→ **Task item**: The answer consists solely of the lines running from the one with "受费率改革等影响,交易单元席" through the final line below, transcribed exactly and without any pictures.

Dataset extract START

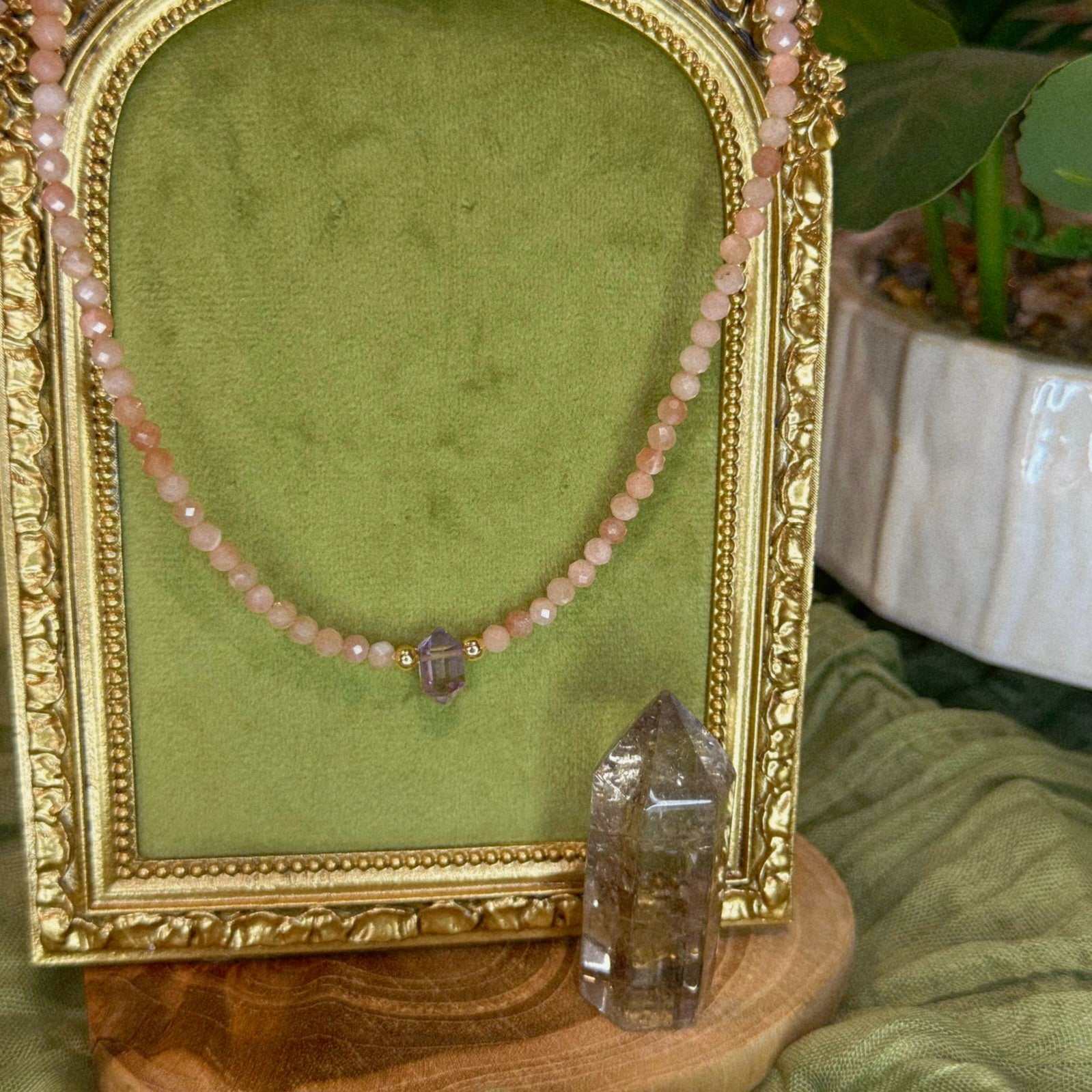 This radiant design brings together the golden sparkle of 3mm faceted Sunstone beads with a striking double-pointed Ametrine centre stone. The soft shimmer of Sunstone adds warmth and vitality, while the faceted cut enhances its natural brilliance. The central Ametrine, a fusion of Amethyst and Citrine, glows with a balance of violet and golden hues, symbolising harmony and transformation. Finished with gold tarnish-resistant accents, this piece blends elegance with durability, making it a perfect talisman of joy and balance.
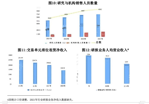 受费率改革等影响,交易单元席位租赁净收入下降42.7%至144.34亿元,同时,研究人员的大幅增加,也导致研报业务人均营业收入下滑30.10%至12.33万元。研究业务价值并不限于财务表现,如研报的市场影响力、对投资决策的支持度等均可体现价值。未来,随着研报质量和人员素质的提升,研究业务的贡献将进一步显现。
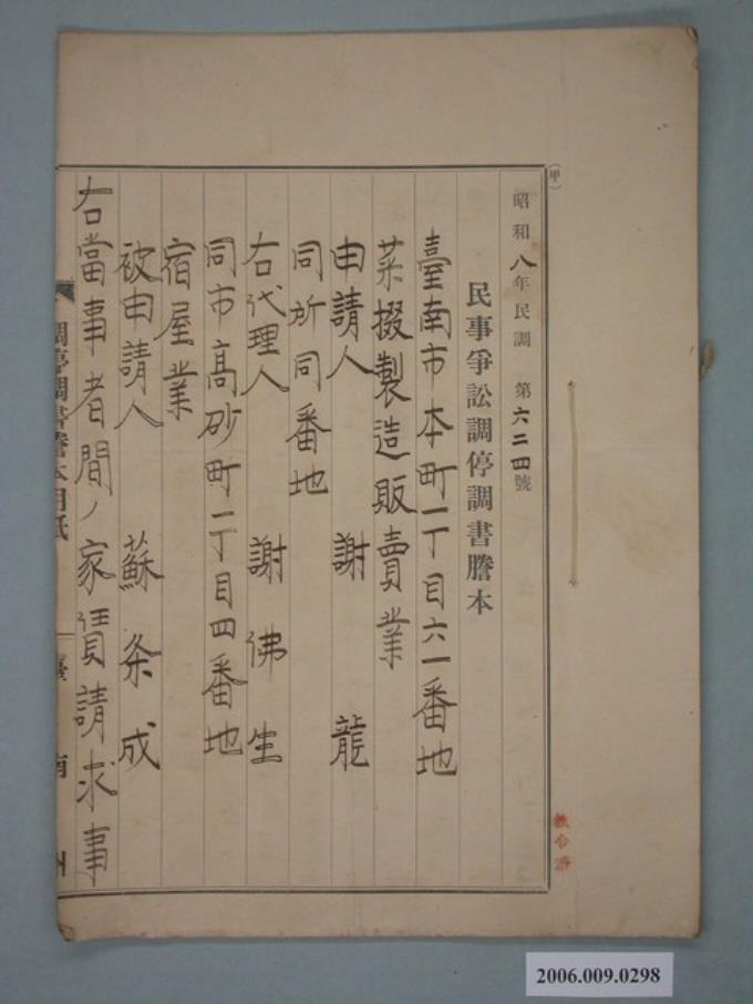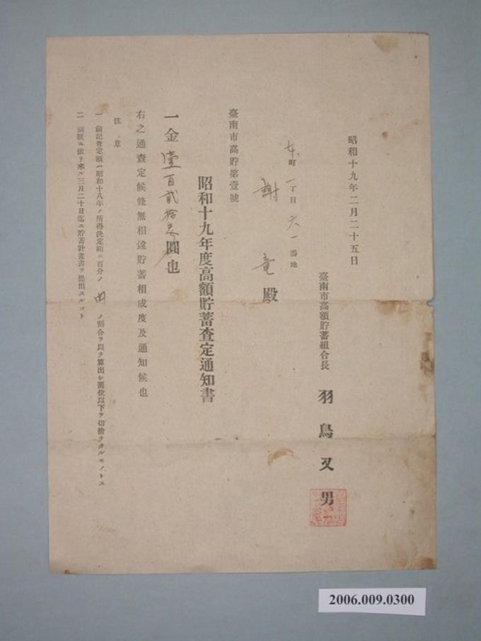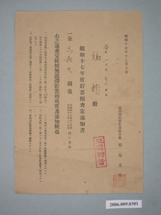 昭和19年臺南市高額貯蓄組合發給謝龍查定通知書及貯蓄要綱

Dataset extract END

→ **Response**:
 受费率改革等影响,交易单元席位租赁净收入下降42.7%至144.34亿元,同时,研究人员的大幅增加,也导致研报业务人均营业收入下滑30.10%至12.33万元。研究业务价值并不限于财务表现,如研报的市场影响力、对投资决策的支持度等均可体现价值。未来,随着研报质量和人员素质的提升,研究业务的贡献将进一步显现。
 昭和19年臺南市高額貯蓄組合發給謝龍查定通知書及貯蓄要綱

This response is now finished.